Did 2 bithday cake for a repeat customers. They have been with me for years. Both cakes got damaged during delivery and one cake was dry. I feel so guilty but can not afford to give money back. I am thinking of doing a small cake and offering it to them as compensation. Do you think that is good enough? or should I just offer them a discount with there next order?

16 replies
HerBoudoir Posted 4 May 2008 , 5:09pm
post #2 of 17

When you say get damaged during delivery - were you delivering them, or did they pick them up?

leily Posted 4 May 2008 , 6:45pm
post #3 of 17
Quote:
Originally Posted by HerBoudoir

When you say get damaged during delivery - were you delivering them, or did they pick them up?




I am wondering this also.

personally since they have been customers for so long and are bound to order again i would offer a discount on their next order or two.

Rochelle1 Posted 4 May 2008 , 6:53pm
post #4 of 17

I was the one delivering. So it was my fault

HerBoudoir Posted 4 May 2008 , 10:22pm
post #5 of 17

Then I'd say yes, you need to bite the bullet on this one and refund.

wgoat5 Posted 5 May 2008 , 10:41am
post #6 of 17

What I don't understand is... did she pay you in advance for a birthday cake and you have already spent it? I always keep "their" money till delivery and I know all is well with the cake. That would save from you having to dig into your own pocket.

grama_j Posted 5 May 2008 , 11:22am
post #7 of 17
Quote:
Originally Posted by wgoat5

What I don't understand is... did she pay you in advance for a birthday cake and you have already spent it? I always keep "their" money till delivery and I know all is well with the cake. That would save from you having to dig into your own pocket.




That would be great IF you can afford all the supplies you need for the cake.....Sometimes I can, sometimes I can't..... icon_sad.gif

wgoat5 Posted 5 May 2008 , 11:25am
post #8 of 17

Completely understand that point Grama!!! icon_smile.gif

HerBoudoir Posted 5 May 2008 , 5:51pm
post #9 of 17

There's a general accounting principle that states you can't recognize revenue until you've delivered the good or service in it's entirety....so if you're pre-paid for a cake, the profit isn't technically yours until you've delivered as contracted.

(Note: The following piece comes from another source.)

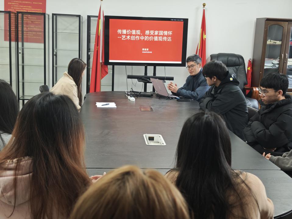 本科生党支部组织委员胡金波老师以“传播价值观念,感受家国情怀——艺术创作中的价值观传达”为题,结合经典艺术作品,阐释艺术表达中蕴含的家国情怀,引导学员以艺术为载体传播正能量。
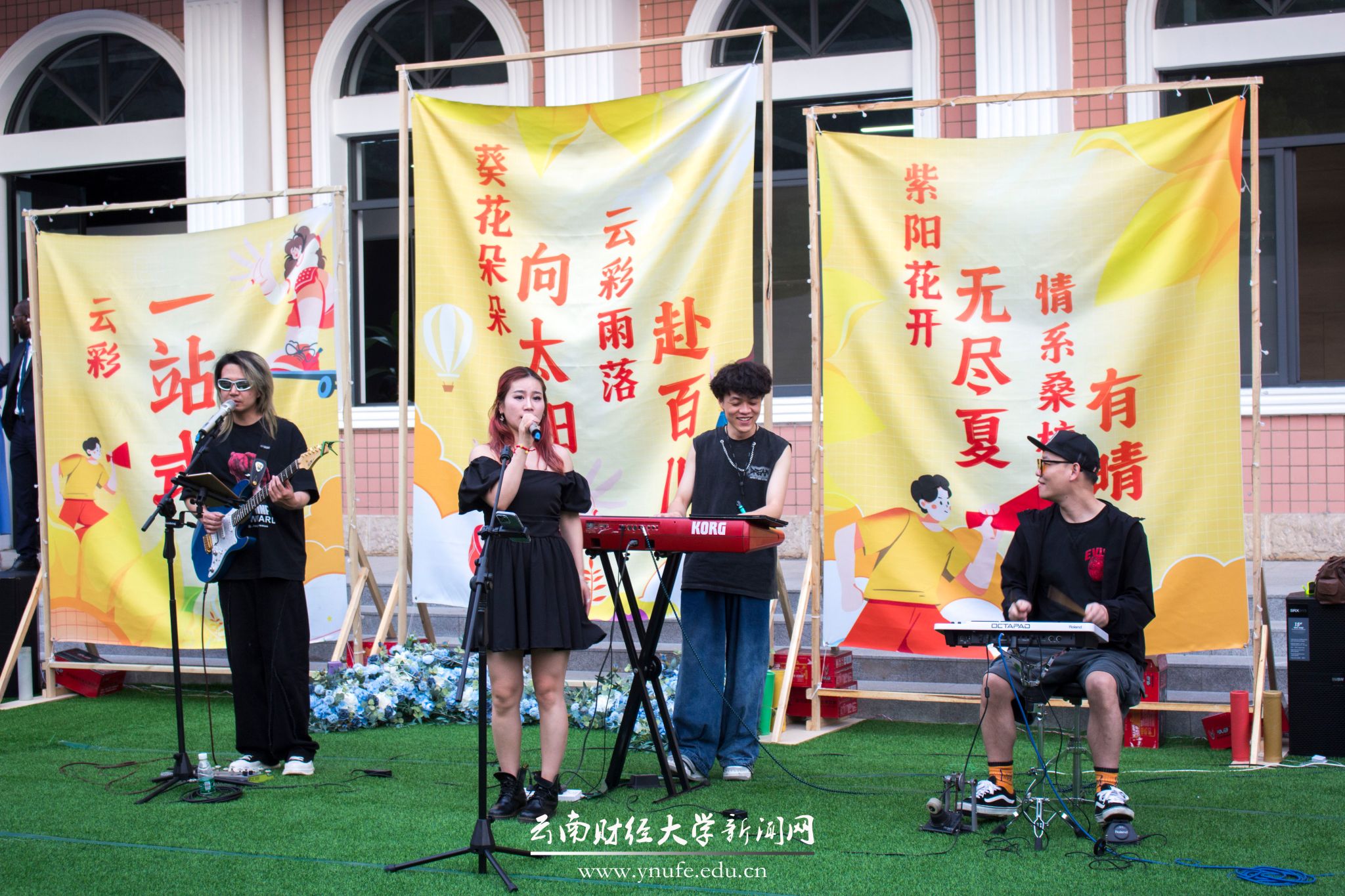 在“云彩街(Gai)子天Live”活动现场,伴随着大胆乐队的现场演唱,国际学生为大家带来了博茨瓦纳、叙利亚、巴基斯坦、利比里亚、莱索托、埃塞俄比亚、津巴布韦、孟加拉国、尼泊尔、越南、泰国、柬埔寨、老挝等国的服装秀,礼乐社同学为大家带来了汉服秀。中外学生同在“云彩街(Gai)子天”舞台上展示,唱歌、跳舞,共同书写独属于“小云彩”的快乐,加强了彼此之间的学习交流,增进了友谊。

Really, it's not a bad policy to follow.

michellesArt Posted 5 May 2008 , 7:22pm
post #10 of 17

did they say anything about the damage or the dry cake? (i understand that they did, how else would you know the cake was dry-unless it was like that when you decorated it but you wouldn't serve it to them like that i'd assume anyway...) i'd give them some kind of voucher/discount as a sign of good faith (unless they ask you for a refund) that you appreciate that they've been longstanding customers (it would spread the word too that you care that your work is upstanding and you have high standards-that would definately get around) sorry for the long post icon_smile.gif

Kitagrl Posted 8 May 2008 , 5:09am
post #11 of 17
Quote:
Originally Posted by grama_j

Quote:
Originally Posted by wgoat5

What I don't understand is... did she pay you in advance for a birthday cake and you have already spent it? I always keep "their" money till delivery and I know all is well with the cake. That would save from you having to dig into your own pocket.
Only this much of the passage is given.